GPU capability validation from `server/lorax_server/utils/flash_attn.py:57-93`:
if SYSTEM in {"cuda", "rocm"}:
if not torch.cuda.is_available():
raise ImportError("CUDA is not available")
major, minor = torch.cuda.get_device_capability()
is_sm75 = major == 7 and minor == 5
is_sm8x = major == 8 and minor >= 0
is_sm90 = major == 9 and minor == 0
# Flash Attention V2 requires SM 8.0+
if SYSTEM == "cuda" and not (is_sm8x or is_sm90):
raise ImportError(
f"GPU with CUDA capability {major} {minor} is not supported for Flash Attention V2"
)
FP8 support detection from `server/lorax_server/utils/torch_utils.py:17-22`:
def is_fp8_supported():
return (
torch.cuda.is_available()
and (torch.cuda.get_device_capability()[0] >= 9)
or (torch.cuda.get_device_capability()[0] == 8
and torch.cuda.get_device_capability()[1] >= 9)
)
Memory fraction control from `server/lorax_server/utils/dist.py:8-14`:
RANK = int(os.getenv("RANK", "0"))
WORLD_SIZE = int(os.getenv("WORLD_SIZE", "1"))
MEMORY_FRACTION = float(os.getenv("CUDA_MEMORY_FRACTION", "1.0"))

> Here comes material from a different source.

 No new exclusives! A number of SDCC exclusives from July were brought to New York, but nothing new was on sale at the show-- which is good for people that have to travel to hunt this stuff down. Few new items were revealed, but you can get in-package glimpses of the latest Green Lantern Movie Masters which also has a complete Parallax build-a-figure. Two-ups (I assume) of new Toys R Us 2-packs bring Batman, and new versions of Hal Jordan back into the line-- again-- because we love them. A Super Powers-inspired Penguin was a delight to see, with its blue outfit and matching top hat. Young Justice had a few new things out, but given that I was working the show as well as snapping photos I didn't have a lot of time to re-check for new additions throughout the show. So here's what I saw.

MEMORY_WIGGLE_ROOM = float(os.getenv("MEMORY_WIGGLE_ROOM", "0.9"))
Common Errors
| Error Message | Cause | Solution |
|---|---|---|
| `ImportError: CUDA is not available` | No NVIDIA GPU detected or drivers not installed | Install NVIDIA drivers and CUDA toolkit 12.4+ |
| `GPU with CUDA capability X Y is not supported for Flash Attention V2` | GPU compute capability < 8.0 (pre-Ampere) | Use GPU with SM 8.0+ (A100, A10G, etc.) or fall back to Flash Attention V1 |
| `Flash Attention is not installed` | Missing flash_attn CUDA bindings | Install via `make install-flash-attention-v2-cuda` or use official Docker image |
| `Could not import vllm paged attention` | vLLM custom ops not built | Rebuild with matching CUDA toolkit or use official Docker image |
| `AssertionError: Each process is one gpu` | WORLD_SIZE exceeds available GPU count | Set WORLD_SIZE <= number of available GPUs |
Compatibility Notes
- NVIDIA GPUs: Full support. SM 7.5 minimum (Flash Attn V1), SM 8.0 recommended (Flash Attn V2 + all quantization methods).

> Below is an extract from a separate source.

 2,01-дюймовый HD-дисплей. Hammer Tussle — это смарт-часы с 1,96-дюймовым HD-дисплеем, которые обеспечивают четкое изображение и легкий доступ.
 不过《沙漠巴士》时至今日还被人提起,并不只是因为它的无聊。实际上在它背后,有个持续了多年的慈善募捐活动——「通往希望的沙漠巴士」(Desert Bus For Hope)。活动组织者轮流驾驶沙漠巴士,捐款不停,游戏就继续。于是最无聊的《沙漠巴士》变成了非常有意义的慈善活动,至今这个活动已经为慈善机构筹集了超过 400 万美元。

- AMD GPUs (ROCm): Supported for MI210/MI250 (gfx90a) and MI300 (gfx942). Flash Attention V2 uses Composable Kernel (CK) or Triton backend selectable via `ROCM_USE_FLASH_ATTN_V2_TRITON`.
- Intel XPU: Experimental. Requires `intel_extension_for_pytorch`. Does not support window attention.
- CPU: Fallback mode with no GPU acceleration. Missing Flash Attention, paged attention, and all CUDA kernels.
- Multi-GPU: Tensor parallelism supported via NCCL. Set `WORLD_SIZE` and `RANK` environment variables.